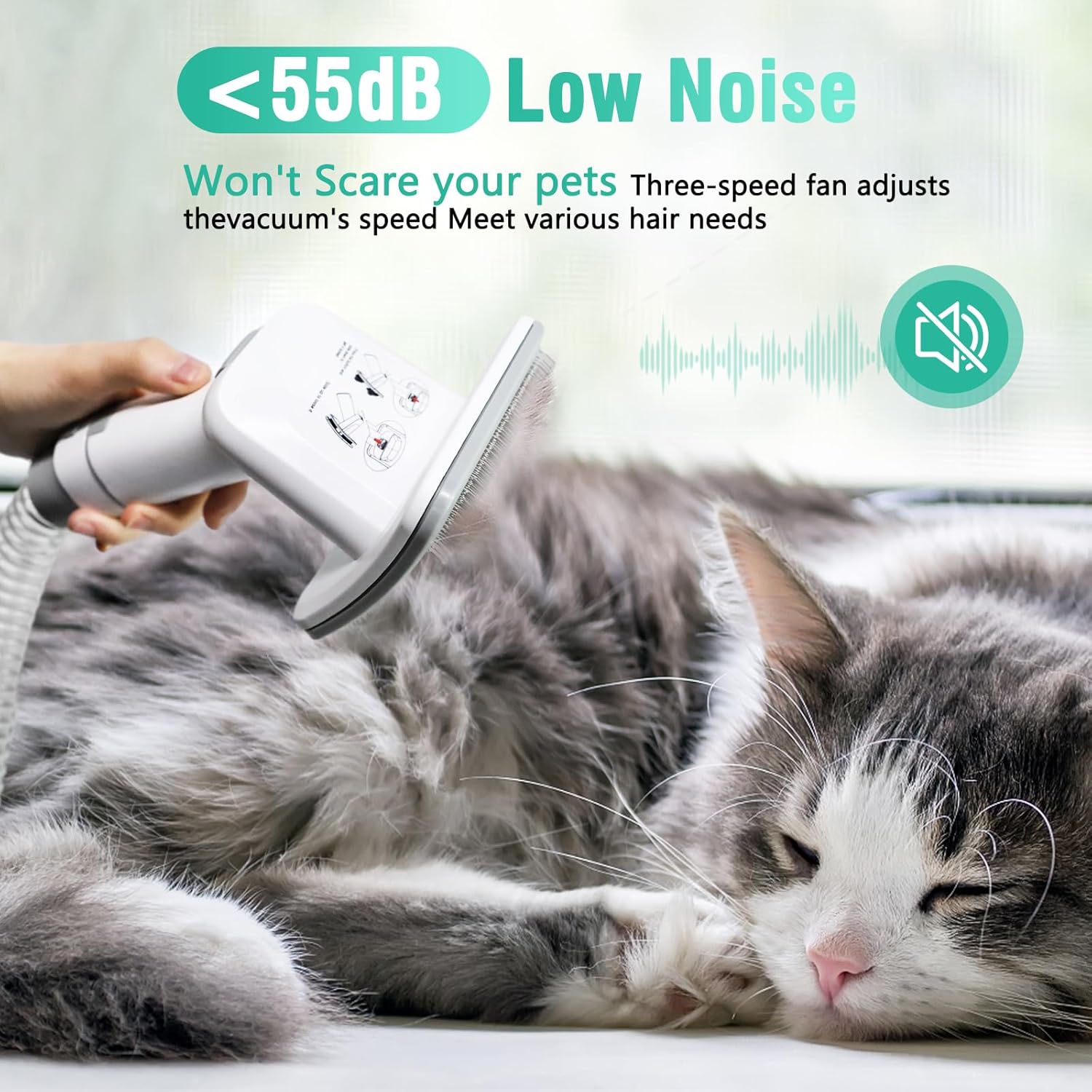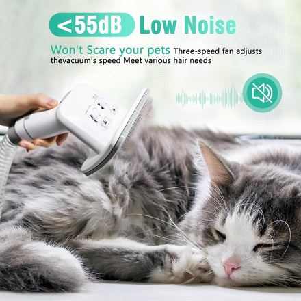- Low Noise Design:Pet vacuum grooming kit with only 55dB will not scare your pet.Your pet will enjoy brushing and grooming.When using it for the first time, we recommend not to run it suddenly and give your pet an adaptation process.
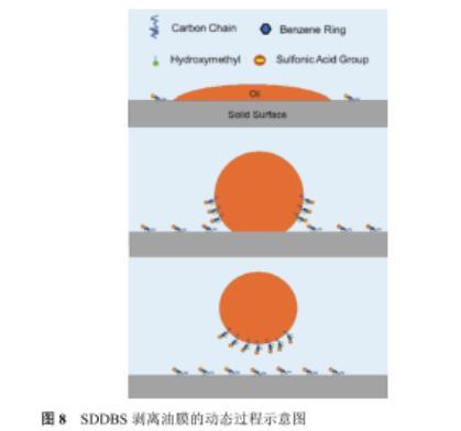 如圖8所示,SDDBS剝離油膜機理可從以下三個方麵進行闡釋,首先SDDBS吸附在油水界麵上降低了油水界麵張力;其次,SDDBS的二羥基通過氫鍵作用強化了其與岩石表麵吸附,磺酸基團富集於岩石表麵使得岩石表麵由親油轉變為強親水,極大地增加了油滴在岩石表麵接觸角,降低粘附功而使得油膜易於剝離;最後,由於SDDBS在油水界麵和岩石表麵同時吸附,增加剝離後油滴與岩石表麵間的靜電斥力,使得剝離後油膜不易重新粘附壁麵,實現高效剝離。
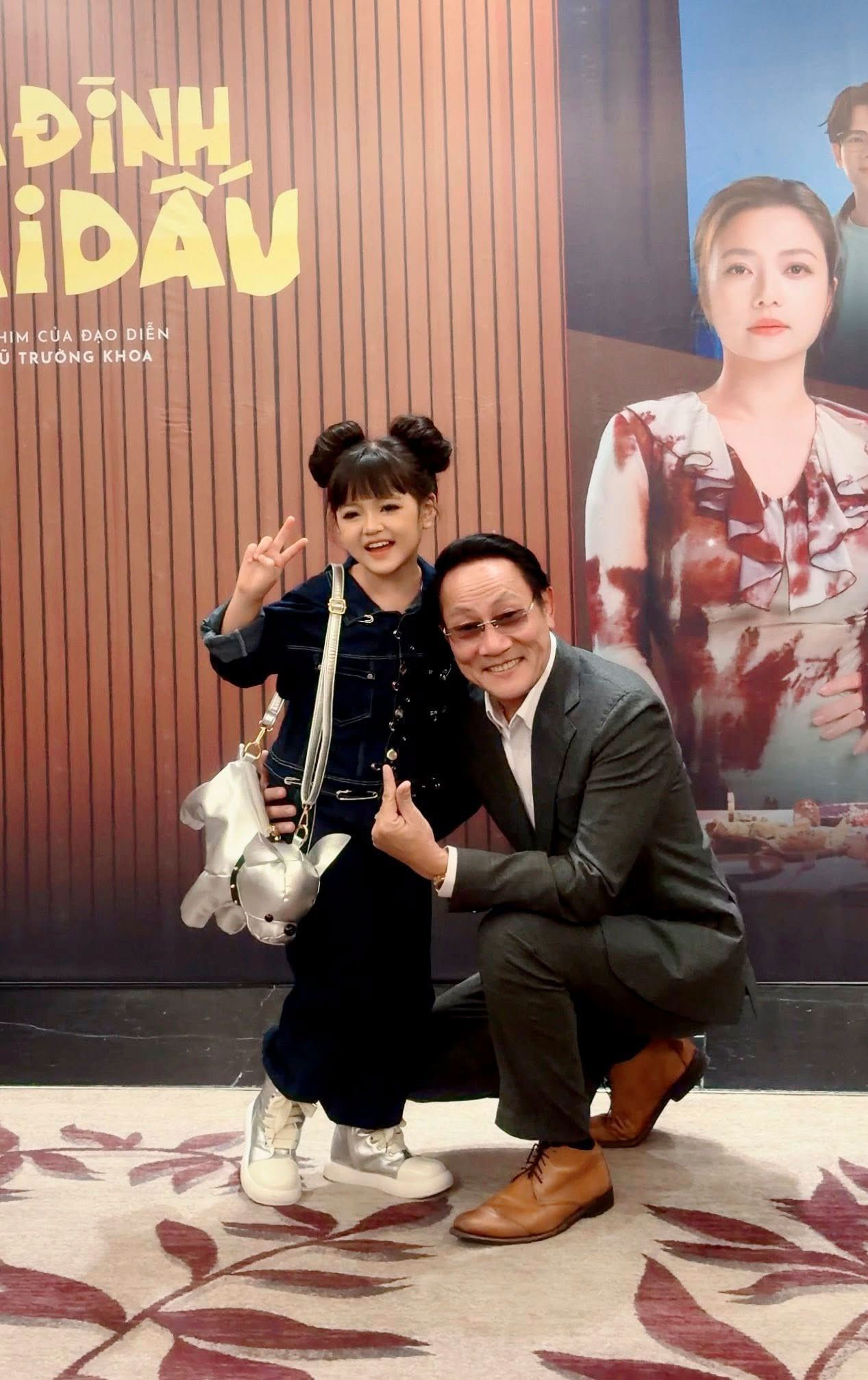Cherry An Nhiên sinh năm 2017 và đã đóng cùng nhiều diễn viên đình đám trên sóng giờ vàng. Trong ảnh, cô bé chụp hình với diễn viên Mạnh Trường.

YOUR TASK: Print the material precisely as given, dropping any images it holds.

SOLUTION TO THIS TASK:
- Low Noise Design:Pet vacuum grooming kit with only 55dB will not scare your pet.Your pet will enjoy brushing and grooming.When using it for the first time, we recommend not to run it suddenly and give your pet an adaptation process.
 如圖8所示,SDDBS剝離油膜機理可從以下三個方麵進行闡釋,首先SDDBS吸附在油水界麵上降低了油水界麵張力;其次,SDDBS的二羥基通過氫鍵作用強化了其與岩石表麵吸附,磺酸基團富集於岩石表麵使得岩石表麵由親油轉變為強親水,極大地增加了油滴在岩石表麵接觸角,降低粘附功而使得油膜易於剝離;最後,由於SDDBS在油水界麵和岩石表麵同時吸附,增加剝離後油滴與岩石表麵間的靜電斥力,使得剝離後油膜不易重新粘附壁麵,實現高效剝離。
Cherry An Nhiên sinh năm 2017 và đã đóng cùng nhiều diễn viên đình đám trên sóng giờ vàng. Trong ảnh, cô bé chụp hình với diễn viên Mạnh Trường.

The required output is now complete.